Leveraging FinTech partnerships is easy when you know your company’s core needs. Based on this goal, you can achieve the right partnership model, whether it’s a referral one, an assisted-private label, or a full-private label partnership. Each has its own benefits, according to the level of control you’d like to have during the innovation process.
Hyper-personalization for superior customer experience
Hyper-personalization is the approach of every company lately, as massive competition and rising customer demands pressure them to offer the best customer experience on the market, especially in FinTech. The use of AI, machine learning, and predictive analysis is a huge help, as enterprises can now automatically cater to customers’ needs with personalized budgeting tips, spending alerts, and even customized investment portfolios.
Intuitive, user-centric services are the third decade’s shift away from generic products. The growing expectations for improved products and services also motivate companies to introduce AI, as its speed and accuracy (which continue to improve) set the tone for personalized interactions. For example, the use of generative AI can change how communication channels look and interact with customers, whether by creating compelling email subject lines or elevating their newsletters.
Biometrics in financial applications can give customers peace of mind
Cybersecurity is a pressing issue, and the number of attacks and sophisticated breaches may become a concern for some. While having cyber hygiene is one of the easiest ways for people to protect their accounts and finances, there’s no 100% guarantee of being safe forever.

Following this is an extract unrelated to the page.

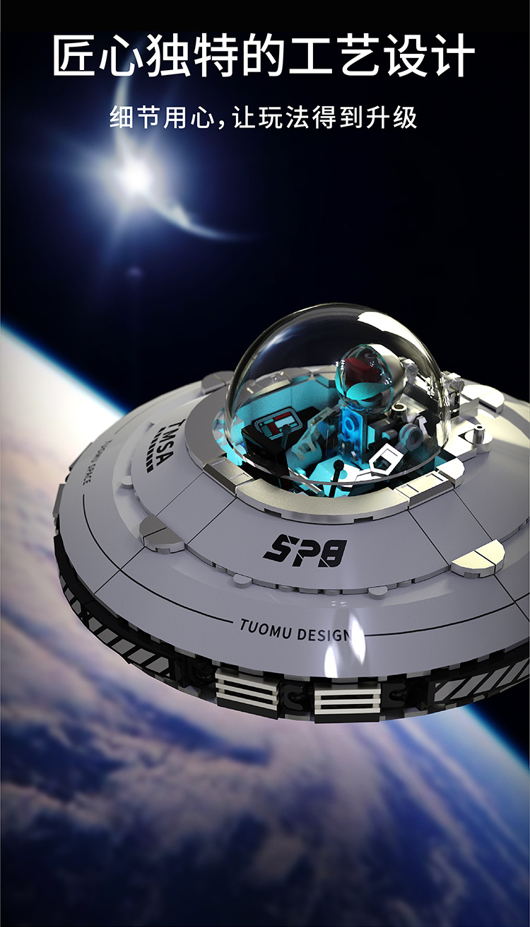 Tuo Mu T3012 НЛО Космический корабль Образовательные Строительные блоки высокой сложности Сборка Кросс-граничная модель Украшение игрушка

This could be solved through biometrics, a surging security measure that allows clients to identify themselves through facial and fingerprint scans on applications, making it impossible for hackers to interfere. The future of this technology lies in behavioral biometrics and AI-driven adaptive authentication that prevent malicious actors and reduce friction for legitimate users. In the future, this will be the standard for authentication, especially when used with continuous authentication, which detects and registers how users type or navigate their apps to establish whether a new user has gained access to a device.
Fintech focused on sustainability and responsible operations
While FinTech may not be the leading contributor to climate change, it can surely improve its technologies and operations that contribute to it. The worrying rate at which e-waste is produced and not properly disposed of, for example, is one of the few cases of FinTech’s contribution to the matter.
Luckily, the industry also has significant potential to change this and positively impact nature. Reducing its carbon emissions and facilitating the development of innovative, sustainable products can be a great start towards a more responsible future. In addition, FinTechs can benefit greatly from ESG (Environmental, Social, Governance) factors when approaching sustainability, combined with AI.
Buy Now, Pay Later will secure the expansion of financial services
BNPL is a growing system that encompasses credit assessment models, enabling more individuals to access financial products through loans. As models improve and regulations become more stringent, the BNPL market will continue to invest in development. For example, the introduction of AI into these solutions can be highly useful for risk assessment tools that analyze customer behavior and assign creditworthiness ratings.
Final considerations
The FinTech industry has the potential to deliver the best products and services to help prevent attacks, address sustainability concerns, and accelerate innovation. With the right tools, 2026 will be the ideal year for the industry to flourish and establish new guidelines for regulations, responsibility, and biometrics. Protecting consumers and adopting new innovations can help enterprises evolve efficiently.